Partial leverage plots

0

For a linear regression model, a useful but underutilized diagnostic tool is the partial regression leverage plot. Also called the partial regression plot, this plot visualizes the parameter estimates table for the regression. For each effect in the model, you can visualize the following statistics:

  • The estimate for each regression coefficient in the model.
  • The hypothesis tests β0=0, β1=0, ..., where βi is the regression coefficient for the i_th effect in the model.
  • Outliers and high-leverage points.

This article discusses partial regression plots, how to interpret them, and how to create them in SAS. If you are performing a regression that uses k effects and an intercept term, you will get k+1 partial regression plots.

Example data for partial regression leverage plots

The following SAS DATA step uses Fisher's iris data. To make it easier to discuss the roles of various variables, the DATA step renames the variables. The variable Y is the response, and the explanatory variables are x1, x2, and x3. (Explanatory variables are also called regressors.)

In SAS, you can create a panel of partial regression plots automatically in PROC REG. Make sure to enable ODS GRAPHICS. Then you can use the PARTIAL option on the MODEL statement PROC REG statement to create the panel. To reduce the number of graphs that are produced, the following call to PROC REG uses the PLOTS(ONLY)=(PARTIAL) option to display only the partial regression leverage plots.

data Have;
set sashelp.iris(rename=(PetalLength = Y
                 PetalWidth  = x1
                 SepalLength = x2
                 SepalWidth  = x3)
                 where=(Species="Versicolor"));
ID = _N_;
label Y= x1= x2= x3=;
run;
 
ods graphics on;
title "Basic Partial Regression Leverage Plots";
proc reg data=Have plots(only)=(PartialPlot);
   model Y = x1 x2 x3 / clb partial;
   ods select ParameterEstimates PartialPlot;
quit;

Let's call the parameter for the Intercept term the 0th coefficient, the parameter for x1 the 1st coefficient, and so on. Accordingly, we'll call the upper left plot the 0th plot, the upper right plot the 1st plot, and so on.

A partial regression leverage plot is a scatter plot that shows the residuals for a specific regressions model. In the i_th plot (i=0,1,2,3), the vertical axis plots the residuals for the regression model where Y is regressed onto the explanatory variables but omits the i_th variable. The horizontal axis plots the residuals for the regression model where the i_th variable is regressed onto the other explanatory variables. For example:

  • The scatter plot with the "Intercept" title is the 0th plot. The vertical axis plots the residual values for the model that regresses Y onto the no-intercept model with regressors x1, x2, and x3. The horizontal axis plots the residual values for the model that regresses the Intercept column in the design matrix onto the regressors x1, x2, and x3. Thus, the regressors in this plot omit the Intercept variable.
  • The scatter plot with the "x1" title is the 1st plot. The vertical axis plots the residual values for the model that regresses Y onto the model with regressors Intercept, x2, and x3. The horizontal axis plots the residual values for the model that regresses x1 onto the regressors Intercept, x2, and x3. Thus, the regressors in this plot omit the x1 variable.

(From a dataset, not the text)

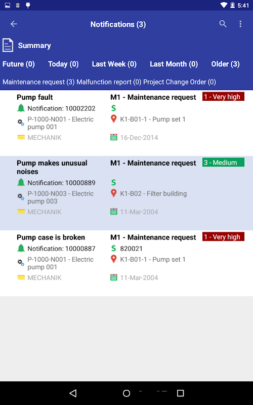 Download rounds with equipment, functional locations, measurement ranges and trends in mobile

These plots are called "partial" regression plots because each plot is based on a regression model that contains only part of the full set of regressors. The i_th plot omits the i_th variable from the set of regressors.

Interpretation of a partial regression leverage plot

Each partial regression plot includes a regression line. It is this line that makes the plot useful for visualizing the parameter estimates. The line passes through the point (0, 0) in each plot. The slope of the regression line in the i_th plot is the parameter estimate for the i_th regression coefficient (βi) in the full model. If the regression line is close to being horizontal, that is evidence for the null hypothesis βi=0.

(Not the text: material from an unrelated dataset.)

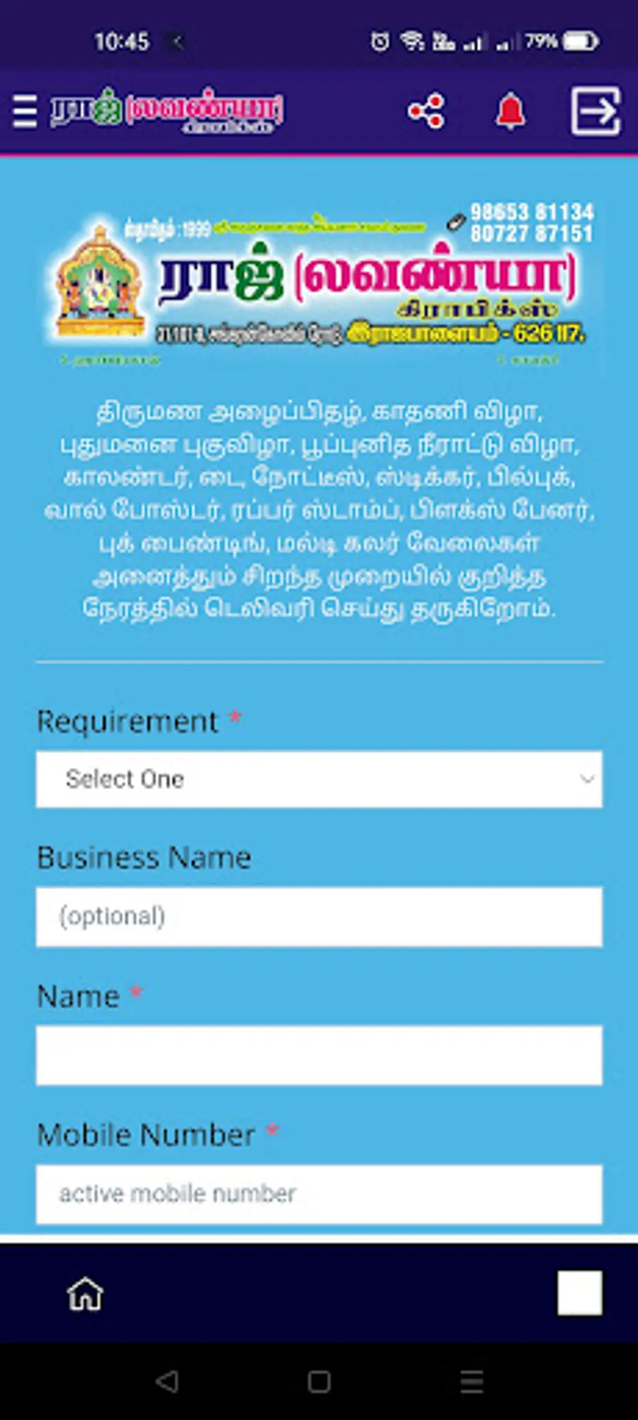 திருமண அழைப்பிதழ், காதணி விழா, புதுமனை புகுவிழா, பூப்புனித நீராட்டு விழா, காலண்டர், டை, நோட்டீஸ், ஸ்டிக்கர், பில்புக், வால் போஸ்டர், ரப்பர் ஸ்டாம்ப், பிளக்ஸ் பேனர், புக் பைண்டிங், மல்டி கலர் வேலைகள் அனைத்தும் சிறந்த முறையில் குறித்த நேரத்தில் டெலிவரி செய்து தருகிறோம்.

To demonstrate these facts, look at the partial regression plot for the Intercept. The partial plot has a regression line that is very flat (almost horizontal). This is because the parameter estimate for the Intercept is 1.65 with a standard error of 4. The 95% confidence interval is [-6.4, 9.7]. Notice that this interval contains 0, which means that the flatness of the regression line in the partial regression plot supports "accepting" (failing to reject) the null hypothesis that the Intercept parameter is 0.

In a similar way, look at the partial regression plot for the x1 variable. The partial plot has a regression line that is not flat. This is because the parameter estimate for x1 is 1.36 with a standard error of 0.24. The 95% confidence interval is [0.89, 1.83], which does not contain 0. Consequently, the steepness of the slope of the regression line in the partial regression plot visualizes the fact that we would reject the null hypothesis that the x1 coefficient is 0.

The partial regression plots for the x2 and x3 variables are similar. The regression line in the x2 plot has a steep slope, so the confidence interval for the x2 parameter does not contain 0. The regression line for the x3 variable has a negative slope because the parameter estimate for x3 is negative. The line is very flat, which indicates that the confidence interval for the x3 parameter contains 0.

John Sall ("Leverage Plots for General Linear Hypotheses", TAS, 1990) showed that you could add a confidence band to the partial regression plot such that if the line segment for Y=0 is not completely inside the band, then you reject the null hypothesis that the regression coefficient is 0.

Identify outliers by using partial regression leverage plots

Here is a remarkable mathematical fact about the regression line in a partial regression plot: the residual for each observation in the scatter plot is identical to the residual for the same observation in the full regression model! Think about what this means. The full regression model in this example is a set of 50 points in four-dimensional space. The regression surface is a 3-D hyperplane over the {x1, x2, x3} variables. Each observation has a residual, which is obtained by subtracting the predicted value from the observed value of Y. The remarkable fact is that in each partial regression plot, the residuals between the regression lines and the 2-D scatter points are exactly the same as the residuals in the full regression model. Amazing!

One implication of this fact is that you can identify points where the residual value is very small or very large. The small residuals indicate that the model fits these points well; the large residuals are outliers for the model.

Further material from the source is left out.